Nelle città dell’Ucraina sotto bombardamento la maggior sofferenza della popolazione, di militari e civili, sta nel dover sopportare gli interventi chirurgici senza anestesia. Si fanno operazioni a tutto spiano, in stanze improvvisate, basta un letto addossato a un muro, i feriti sono tanti, bisogna cucire le ferite slabbrate, usare ferri inadatti, arrangiarsi, ma soprattutto il paziente non deve pretendere che gli venga alleviato il dolore, questo non è quasi mai possibile, il dolore se lo deve sorbire tutto, e buon per lui se sviene, perché lo svenimento è una forma di anestesia, chi sviene va fuori dal nostro mondo cioè dal suo corpo, e mentre lui è fuori tu medico puoi fare sul suo corpo quel che vuoi, cioè quel che devi.
È una condizione tutt’altro che rara nelle guerre, a ridosso del combattimento. Nei musei della prima guerra mondiale possiamo ancora vedere le attrezzature delle sale operatorie. Ci sono le cinghie, che servivano per bloccare e tener fermo il paziente. Può urlare fin che vuole, basta che stia fermo. Ci sono gli strumenti per tagliare, segare, cavare ed estrarre. Per segare ci son le seghe. All’osso delle gambe arrivi scarnificandolo con coltelli, ma poi l’osso lo devi segare. Pensavo che le seghe per tagliare l’osso avessero denti sottili, più sottili sono meno dolore fanno, ma nei nostri musei militari non è così: le seghe son seghe da legno, a denti lunghi e larghi. Solo a immaginare il dolore che fanno, ci viene da svenire.
Pensiamo con raccapriccio a Freud, che aveva un cancro in bocca e dovendo essere operato chiedeva che non gli fosse praticata l’anestesia. Voleva soffrire? No, ma non voleva perdere la coscienza. Il tempo che passi in incoscienza, sotto anestesia, è un’interruzione del tuo io, un tempo di non-io, tu per tutta la vita sei sempre nel tuo io tranne nel momento in cui lo elimini, l’anestesia è quel momento. Ma ci sono interventi medici o chirurgici in cui desideri l’anestesia come il paradiso.
Non riceverla è il tuo inferno. Se attraversi il tuo inferno ne esci tremando e barcollando, e il tremito ti resta fino al giorno dopo. Purtroppo ho conosciuto quei momenti, ho attraversato quegli inferni, io e mio fratello, e non lo dimenticherò mai. Succedeva quando dovevamo cavarci un dente. Allora (io sono vecchio) si andava dal dentista in due, il paziente più un fratello. Capirete presto perché. L’anestesia non c’era. E il dente veniva cavato, brutalmente, con una pinza. Il dentista scarnificava il dente scavando tutt’attorno, poi lo afferrava con una pinza e lo tirava. Se era un dente di sotto, il dentista tirava così forte che alzava la poltrona col cliente seduto sopra. Allora il cliente veniva bloccato dal fratello, che lo tirava giù, e il mio dentista, che era un bolognese, imprecava: 'Boia d’un mond leder!'.

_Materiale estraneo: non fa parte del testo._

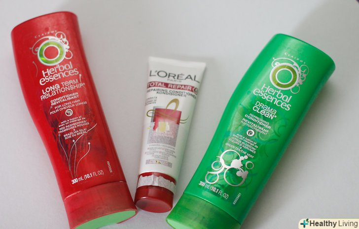Викиньте товари, що містять жорсткі хімікати. у вашому пошуку густого волосся, у вас напевно зустрінете цілу купу шампунів і кондиціонерів, які обіцяють зростання довгих і пишних волосся. На жаль, більшість з них, навпаки, ще більше посилять проблему. Погляньте на склад і викиньте ті товари, в складі яких є компоненти, які ви насилу можете вимовити. Для росту густого волосся, ви повинні уникати продуктів по догляду за волоссям, в складі яких містяться шкідливі хімікати.- Лаурилсульфат натрію і лауретсульфат натрію входять до складу багатьох шампунів. Ці миючі засоби також можна виявити в засобах для миття посуду, і вони завдають дуже сильної шкоди вашому волоссю.

Mio fratello era più vecchio di me di tre anni, e si raccomandava: 'Se svengo, sappi che il portafoglio per pagare il dentista lo tengo a destra'. Era un’ora di patimento barbarico. Spaccava i nervi e annebbiava il cervello. Poi si tornava a casa in bicicletta, ma chi gli era stato cavato un dente sterzava il manubrio come un ubriaco, piombando nel fosso, ora a destra ora a sinistra della strada. A casa gli veniva la febbre e si buttava a letto. Ma prima cercava un buco nella parete e ci nascondeva il dente che gli avevano cavato pregando: 'Muro muro - damme on dente piassè duro!'. Operarsi senza anestesia è un martirio. Ucraini, fratelli miei!